I met Bennett through his writings after I had met Susanne Langer through hers, and I immediately saw the influence that she had had on him. As a young doctoral student, my mentor gave me a worn copy of Langer's Philosophy in a New Key, telling me that it was one of the most important books he had ever read. As philosophers, everything we write is wrong, yet, there may still be ideas worth salvaging. Within Langer's and Bennett's writings lay kernels of truth. I wrote in my dissertation that music education can be thought of as a form of aesthetic education, and I haven't changed my mind. It is, at least, partly that. In that early writing, I also disagreed with and critiqued their ideas as I mined them. For me, then as now, philosophy is about clarifying our ideas as we agree and disagree with others in a conversation among friends in search of truth. In that search, I am thankful to have had Bennett's counsel and support for over 20 years as an editorial board member of the Philosophy of Music Education Review and contributor to the Philosophy Special Research Interest Group of the National Association for Music Education and the International Society for the Philosophy of Music Education. There are very few old scholars in music education. Last June, when we welcomed Bennett and Beth to the Ninth International Symposium on the Philosophy of Music Education at Columbia University, New York City, it was a joy to see him still at work, responding graciously to Randall Allsup's paper (a dialogue that we will publish in PMER), and holding onto crucial ideas while having grown over the years.

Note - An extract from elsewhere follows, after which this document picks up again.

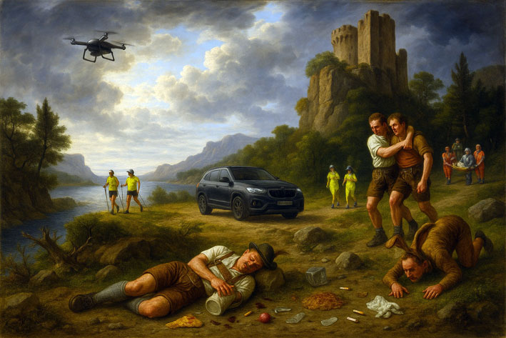 Arkadien_Chefetage_einer_Werbeagentur_mit_Kunden_nach_Wiesnbesuch_bei_einem_Huckepackausflu
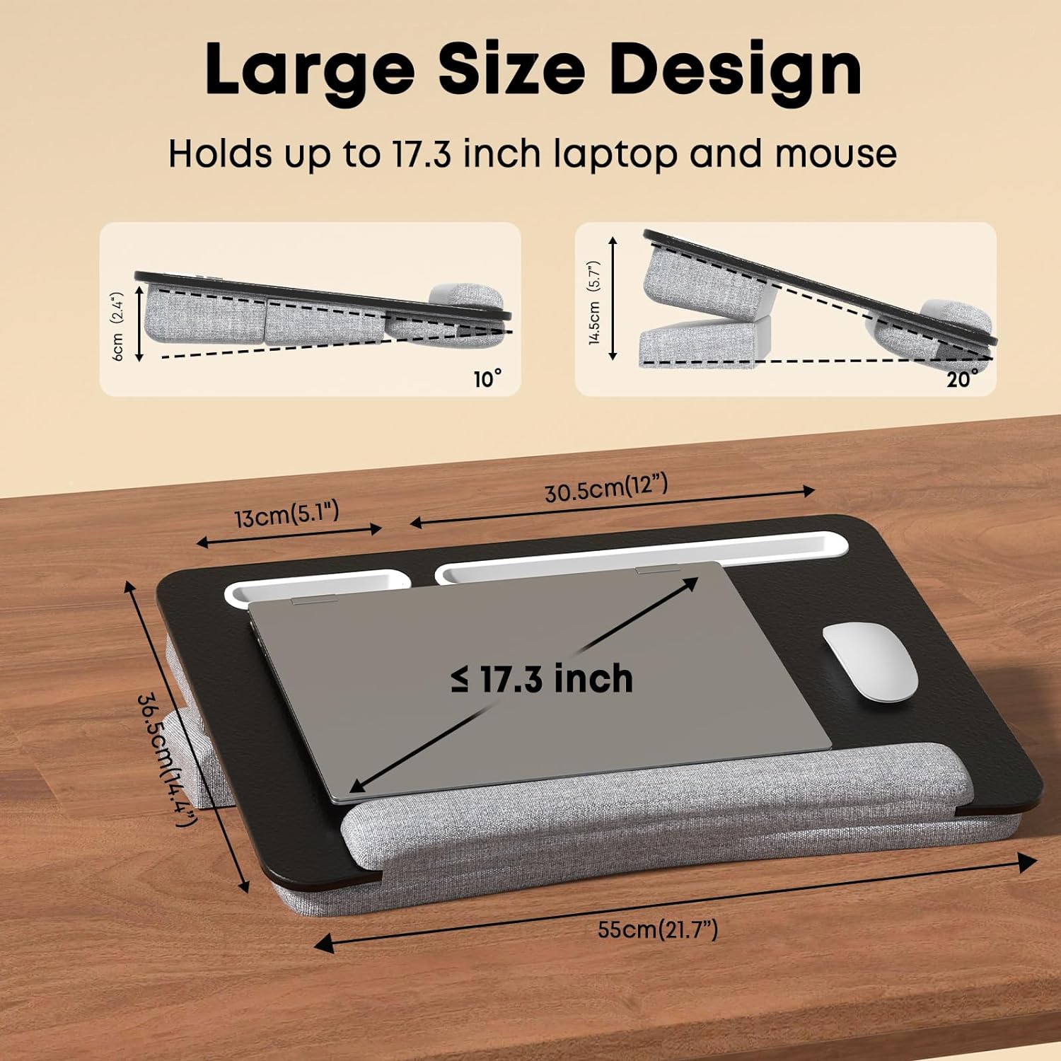 • 【Perfekte Grösse für Laptops und Einstellbare Höhe】Unser Laptopkissen ist 55x36,5cm gross und bietet Platz für Laptops bis zu einer Grösse von 17,3 Zoll. Das Laptopkissen kann zusammengeklappt und auf 14,5 cm Höhe eingestellt werden, um allen

We have lost a wonderful person who lived life richly and made an outstanding contribution to the field of music education and beyond. In honor of his work as a philosopher of music education, among the many facets of his professional life, the Philosophy of Music Education Review will carry an In Memoriam to Bennett's life and work contributed by fellow philosopher Forest Hansen, and a special issue devoted to the ideas that he left us contributed by prominent music educational leaders and writers. Such moments of professional loss leave a rent in our midst that can never quite be patched. We grieve for this terrible and final loss. As the distinguished American poet, Maya Angelou put it in her eloquent poem to Nelson Mandele, "His work is done." Along with our sorrow at his loss is our memory of the joy, idealism, and hope that characterized his lived life. We cling collectively to the memories of the blessings he brought us in simply being Bennett.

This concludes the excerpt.